***** Input material *****

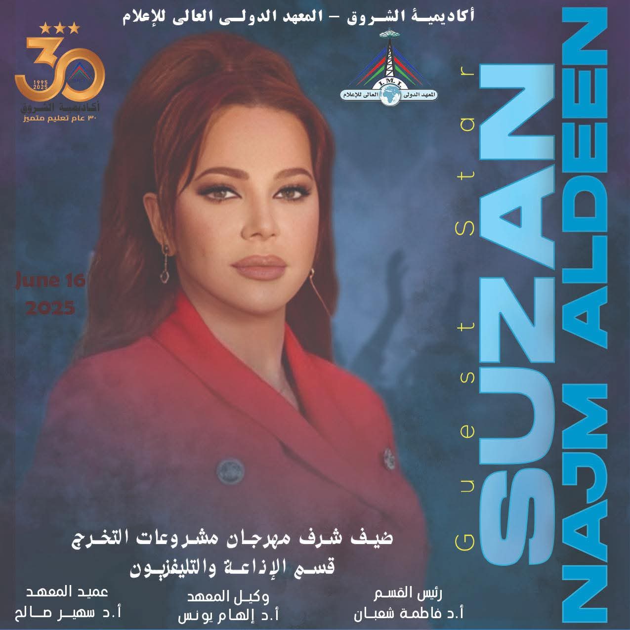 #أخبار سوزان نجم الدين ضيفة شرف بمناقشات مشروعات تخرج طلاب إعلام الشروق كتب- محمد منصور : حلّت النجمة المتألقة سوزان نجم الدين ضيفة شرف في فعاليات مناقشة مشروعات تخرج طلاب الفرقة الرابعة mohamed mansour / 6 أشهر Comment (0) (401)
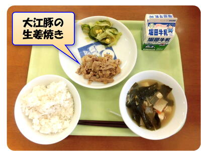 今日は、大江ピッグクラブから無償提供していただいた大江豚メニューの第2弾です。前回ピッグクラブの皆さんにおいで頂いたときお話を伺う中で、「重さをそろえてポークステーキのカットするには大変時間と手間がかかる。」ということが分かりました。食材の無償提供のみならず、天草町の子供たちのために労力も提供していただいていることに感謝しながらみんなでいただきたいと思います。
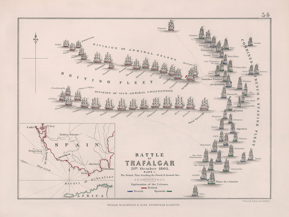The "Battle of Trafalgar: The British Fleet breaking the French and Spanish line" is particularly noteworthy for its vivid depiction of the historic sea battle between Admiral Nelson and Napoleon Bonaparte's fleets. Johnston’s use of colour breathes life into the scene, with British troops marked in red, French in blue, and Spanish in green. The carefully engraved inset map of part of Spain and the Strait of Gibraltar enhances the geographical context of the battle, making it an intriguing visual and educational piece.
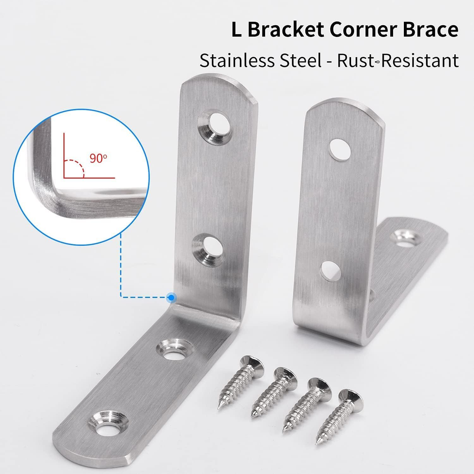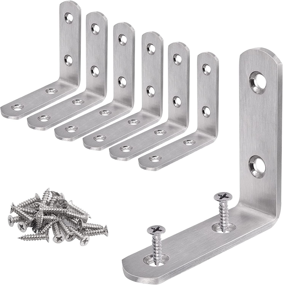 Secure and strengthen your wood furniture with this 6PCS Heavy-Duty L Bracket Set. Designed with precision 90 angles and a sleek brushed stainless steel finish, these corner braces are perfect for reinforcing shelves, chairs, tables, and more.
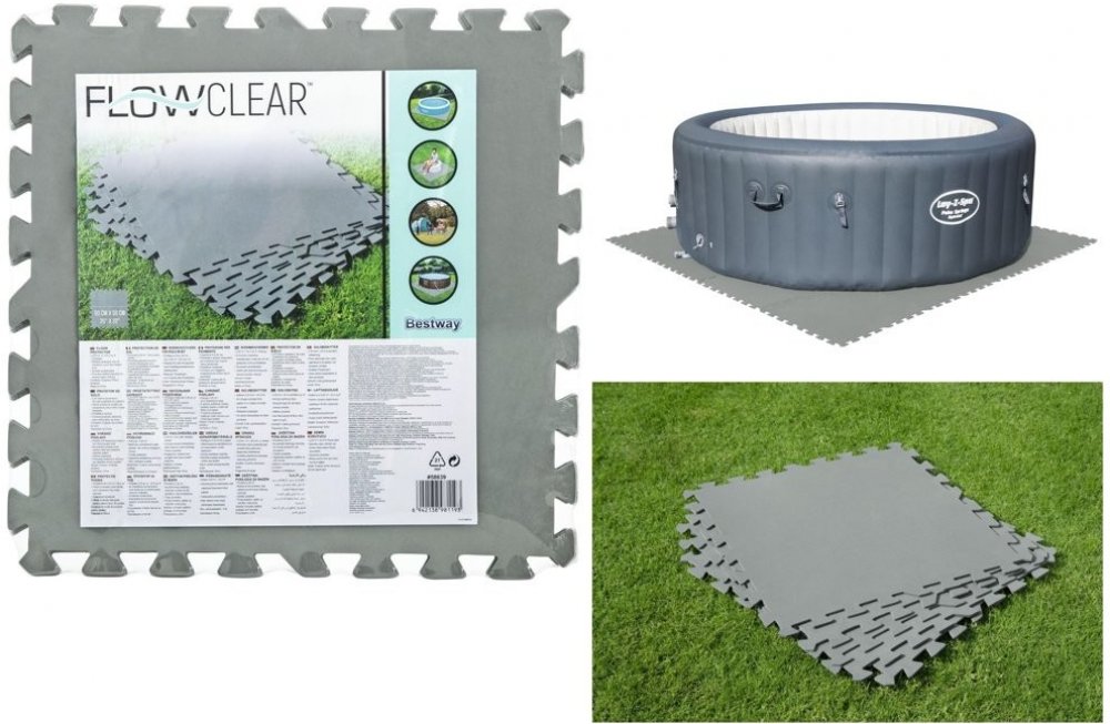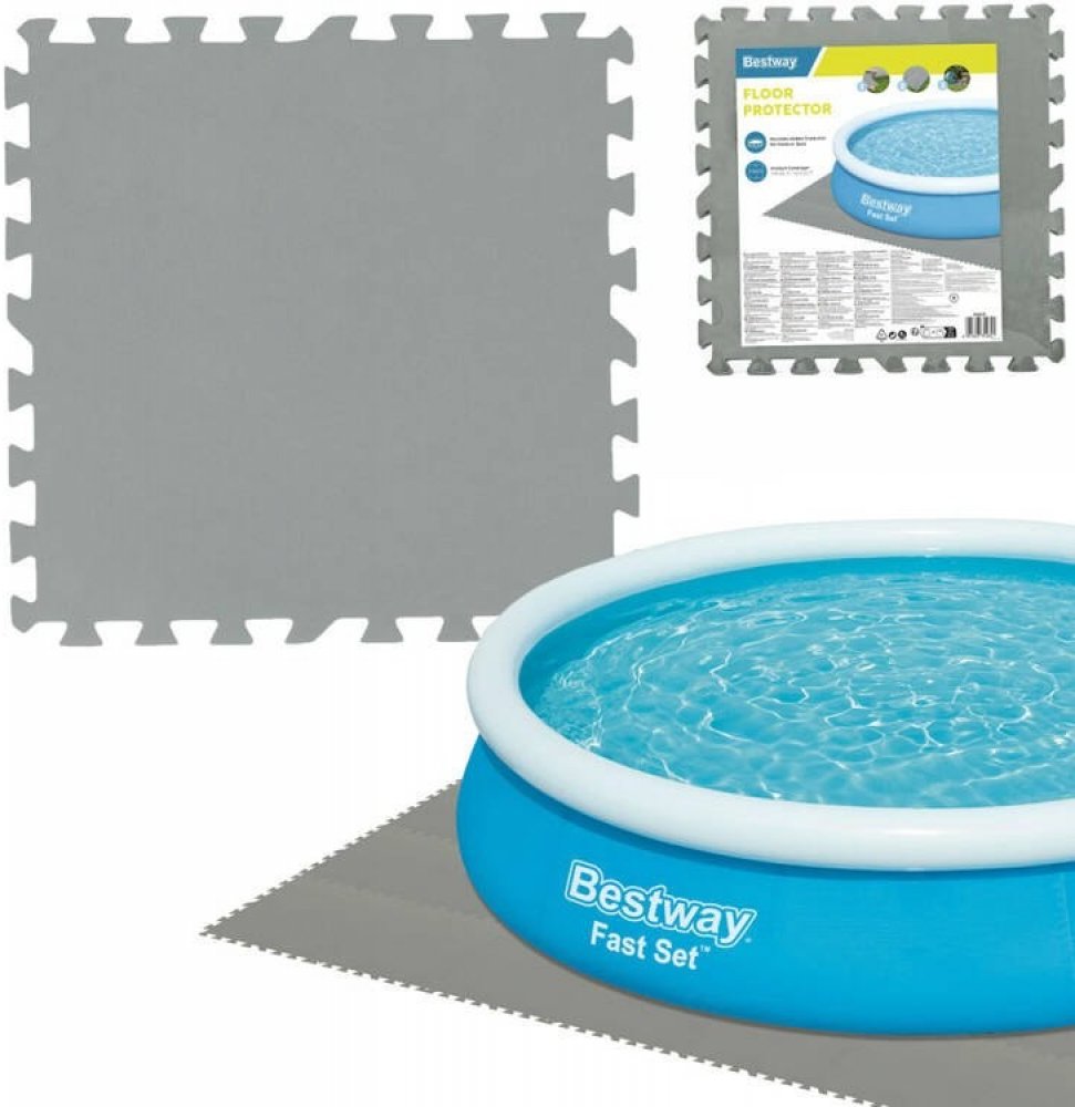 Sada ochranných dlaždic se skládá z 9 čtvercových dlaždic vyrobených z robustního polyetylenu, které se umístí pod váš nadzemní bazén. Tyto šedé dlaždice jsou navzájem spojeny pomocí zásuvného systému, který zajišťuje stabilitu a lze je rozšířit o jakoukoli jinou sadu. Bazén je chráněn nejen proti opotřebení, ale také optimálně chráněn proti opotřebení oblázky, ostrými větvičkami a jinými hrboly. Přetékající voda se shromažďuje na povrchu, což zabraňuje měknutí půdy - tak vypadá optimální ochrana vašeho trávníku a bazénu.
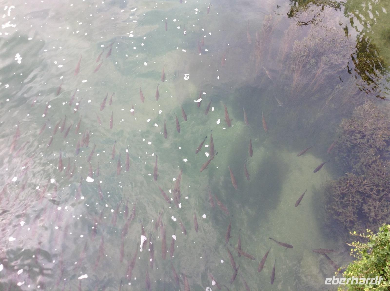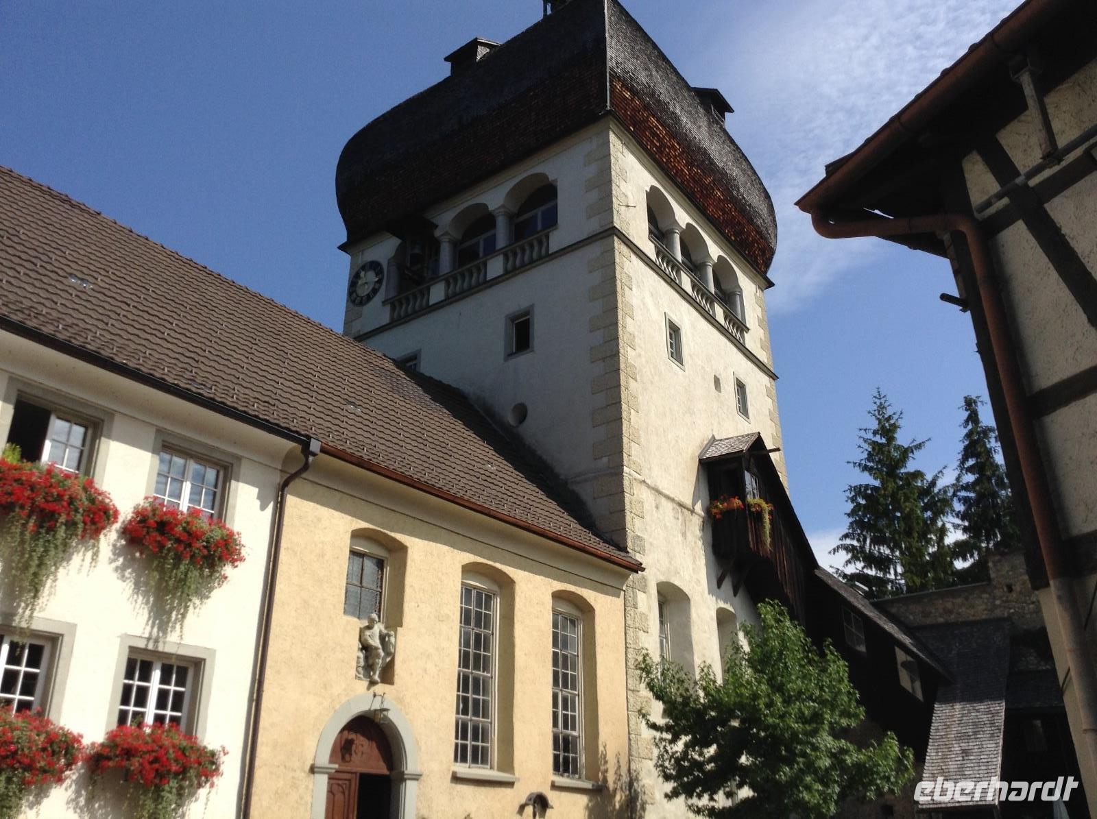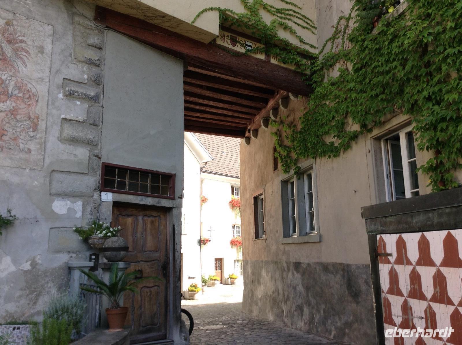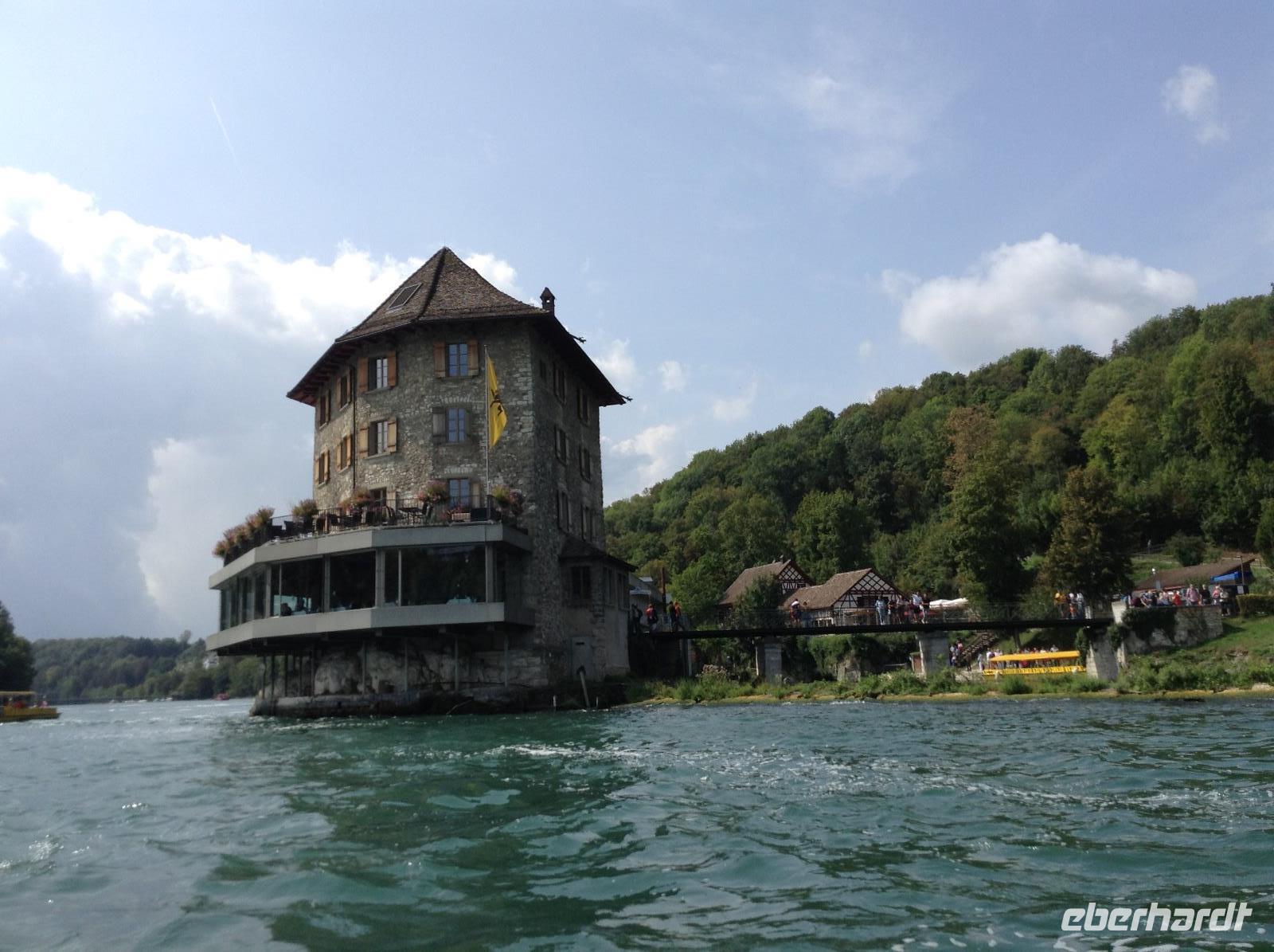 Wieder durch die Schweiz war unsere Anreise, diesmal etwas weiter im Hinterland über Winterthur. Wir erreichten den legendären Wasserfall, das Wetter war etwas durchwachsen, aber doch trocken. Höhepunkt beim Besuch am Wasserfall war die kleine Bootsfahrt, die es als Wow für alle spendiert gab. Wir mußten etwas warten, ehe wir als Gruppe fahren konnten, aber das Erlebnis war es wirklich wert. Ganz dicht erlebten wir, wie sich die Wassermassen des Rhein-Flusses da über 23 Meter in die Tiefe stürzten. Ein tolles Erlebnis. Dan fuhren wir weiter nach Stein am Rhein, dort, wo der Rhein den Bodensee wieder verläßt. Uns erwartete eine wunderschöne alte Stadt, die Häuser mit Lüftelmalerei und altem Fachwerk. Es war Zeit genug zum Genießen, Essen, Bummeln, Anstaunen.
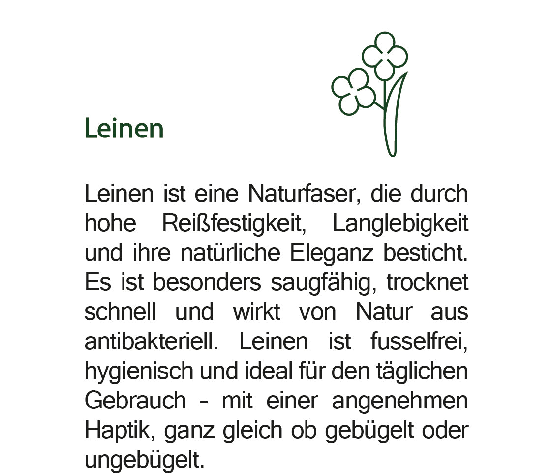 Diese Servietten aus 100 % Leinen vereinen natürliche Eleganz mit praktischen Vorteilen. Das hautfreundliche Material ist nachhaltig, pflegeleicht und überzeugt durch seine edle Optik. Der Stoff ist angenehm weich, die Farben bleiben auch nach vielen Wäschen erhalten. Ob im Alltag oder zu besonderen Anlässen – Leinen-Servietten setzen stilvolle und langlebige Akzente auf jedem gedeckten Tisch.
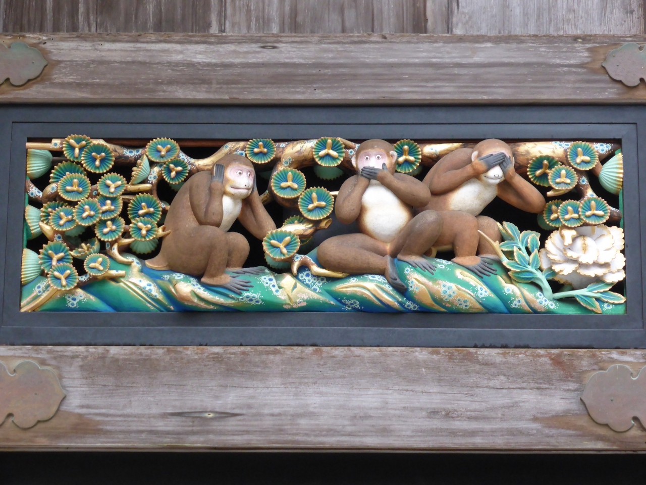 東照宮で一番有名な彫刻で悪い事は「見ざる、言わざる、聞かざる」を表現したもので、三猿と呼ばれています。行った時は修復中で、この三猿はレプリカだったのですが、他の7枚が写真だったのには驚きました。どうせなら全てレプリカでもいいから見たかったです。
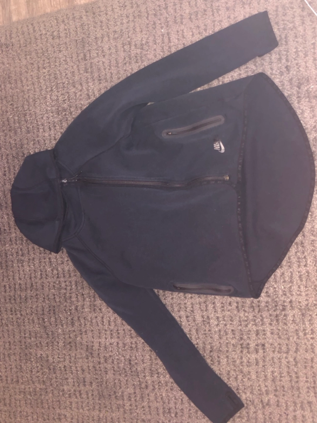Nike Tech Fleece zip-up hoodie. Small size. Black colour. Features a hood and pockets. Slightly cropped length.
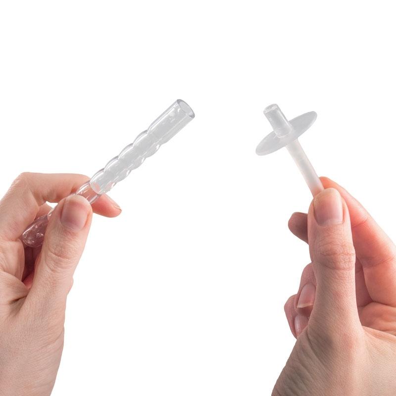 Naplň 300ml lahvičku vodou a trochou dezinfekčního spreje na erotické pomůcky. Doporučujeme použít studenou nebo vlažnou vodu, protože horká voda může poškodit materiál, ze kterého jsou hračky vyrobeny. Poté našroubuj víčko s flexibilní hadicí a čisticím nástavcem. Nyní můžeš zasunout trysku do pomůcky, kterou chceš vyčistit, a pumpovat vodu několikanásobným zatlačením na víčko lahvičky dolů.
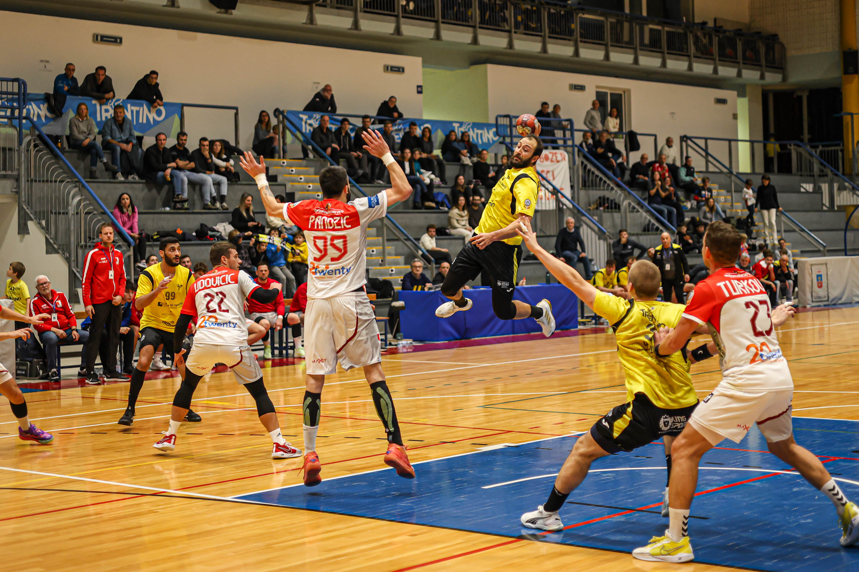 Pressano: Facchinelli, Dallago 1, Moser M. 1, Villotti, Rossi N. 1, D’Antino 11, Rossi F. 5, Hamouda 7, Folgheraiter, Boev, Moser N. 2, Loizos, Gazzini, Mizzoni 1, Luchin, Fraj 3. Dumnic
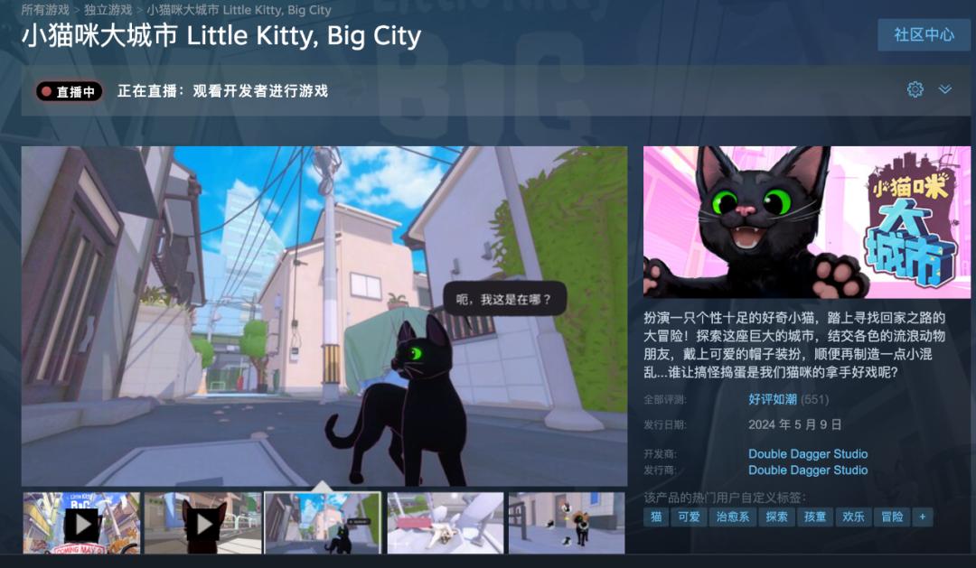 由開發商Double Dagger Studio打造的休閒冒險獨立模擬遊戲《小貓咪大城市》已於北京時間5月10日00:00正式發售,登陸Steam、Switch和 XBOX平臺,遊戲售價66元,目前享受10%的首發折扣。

*****

Required action: All lines from the beginning of the entries above to the line containing "今日は、大江ピッグクラブから", inclusive, should be printed exactly, apart from the pictures.

Task solution:
 #أخبار سوزان نجم الدين ضيفة شرف بمناقشات مشروعات تخرج طلاب إعلام الشروق كتب- محمد منصور : حلّت النجمة المتألقة سوزان نجم الدين ضيفة شرف في فعاليات مناقشة مشروعات تخرج طلاب الفرقة الرابعة mohamed mansour / 6 أشهر Comment (0) (401)
 今日は、大江ピッグクラブから無償提供していただいた大江豚メニューの第2弾です。前回ピッグクラブの皆さんにおいで頂いたときお話を伺う中で、「重さをそろえてポークステーキのカットするには大変時間と手間がかかる。」ということが分かりました。食材の無償提供のみならず、天草町の子供たちのために労力も提供していただいていることに感謝しながらみんなでいただきたいと思います。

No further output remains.